FRA Certification Helpline: (216) 694-0240

(The following article by Jeff DeLong was posted on the Reno Gazette-Journal website on November 18.)

RENO, Nevada — It’s trench time.

Sometime today, and no one’s sure exactly when, the first train is expected to rumble through the 2.2-mile-long concrete canyon designed to separate downtown Reno’s train traffic from its busy surface streets.

“The trench will be activated,” said Mark Davis, spokesman for Union Pacific Railroad.
The last train expected to use the temporary “shoefly” rail line installed to divert train traffic during the trench’s construction will be a westbound Amtrak passenger train between 9:30 and 11 a.m., said Reno spokeswoman Terri Hardy.

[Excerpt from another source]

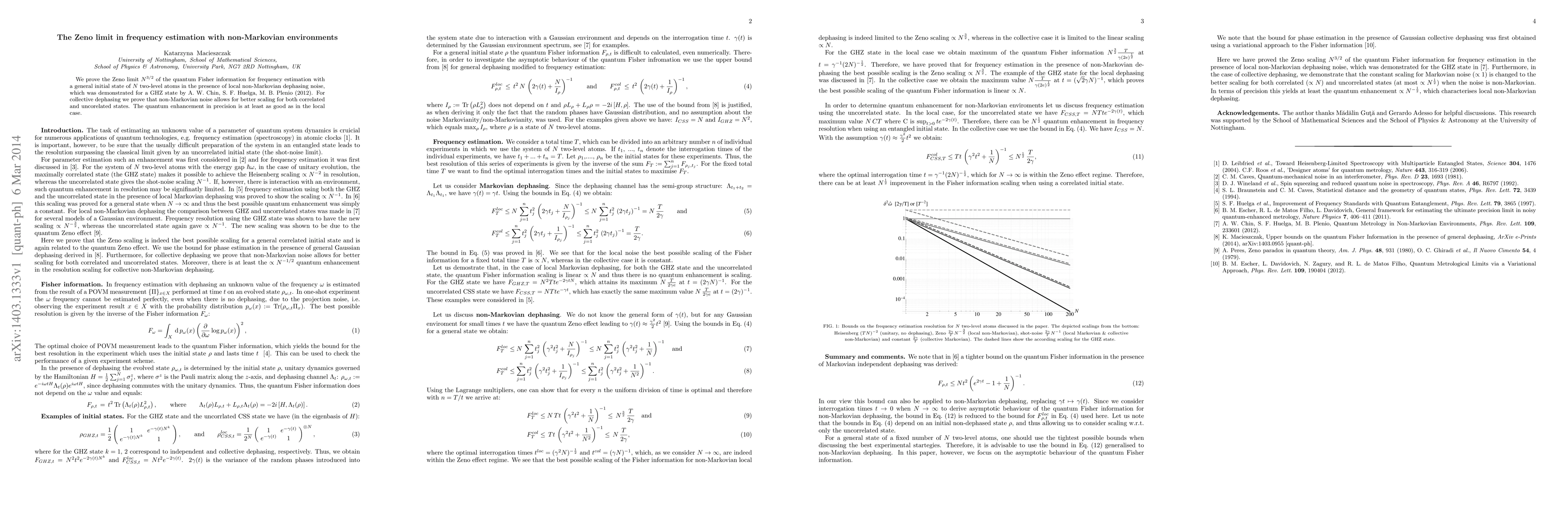 We prove the Zeno limit $N^{3/2}$ of the quantum Fisher information for frequency estimation with a general initial state of $N$ two-level atoms in the presence of local non-Markovian dephasing noise, which was demonstrated for a GHZ state by A. W. Chin, S. F. Huelga, M. B. Plenio (2012). For collective dephasing we prove that non-Markovian noise allows for better scaling for both correlated and uncorelated states. The quantum enhancement in precision is at least as good as in the local case.

Once that train is on its way, crews will dismantle the shoefly line and connect the main rail line running through the trench, Davis said. He was unable to say exactly how long that work will take, but said once it’s done the first train can travel the passage.

The trench’s opening culminates years of debate, pitched political battles and completion of construction that is Reno’s largest public works project in history.

The $282 million project consists of a U-shaped channel that will separate tracks from 11 street-level vehicle and pedestrian crossings.

The trench’s average depth is 33 feet. Fourteen trains a day have been using the trench but the project was sold on the expectation of at least 36 trains daily.

“It’s a very big day. It’s one we’ve long waited for,” said Reno City Manager Charles McNeely.

The trench opening represents an end to on-and-off efforts dating to World War II, McNeely said. The current effort began in 1996.

“This time around we were able to get through all the hurdles we were confronted with,” McNeely said. “There were a lot of monumental things that had to come together to make this happen.”

Opinions on the project still differ.

“I think it’s a waste of money,” said Mike Robinson, an insurance broker who ran for city offices twice on an anti-trench campaign. Robinson, who insisted a series of underpasses made more sense, lost to Mayor Bob Cashell in a 2002 campaign that focused largely on the trench.

“It’s a done deal. That’s the way it’s going to be,” Robinson said Thursday.

Davis said the railroad welcomes the project because it will reduce the danger of potentially deadly collisions between trains and cars in downtown Reno.

“If you don’t have the cars crossing in front of the trains anymore, you’ve enhanced safety,” Davis said.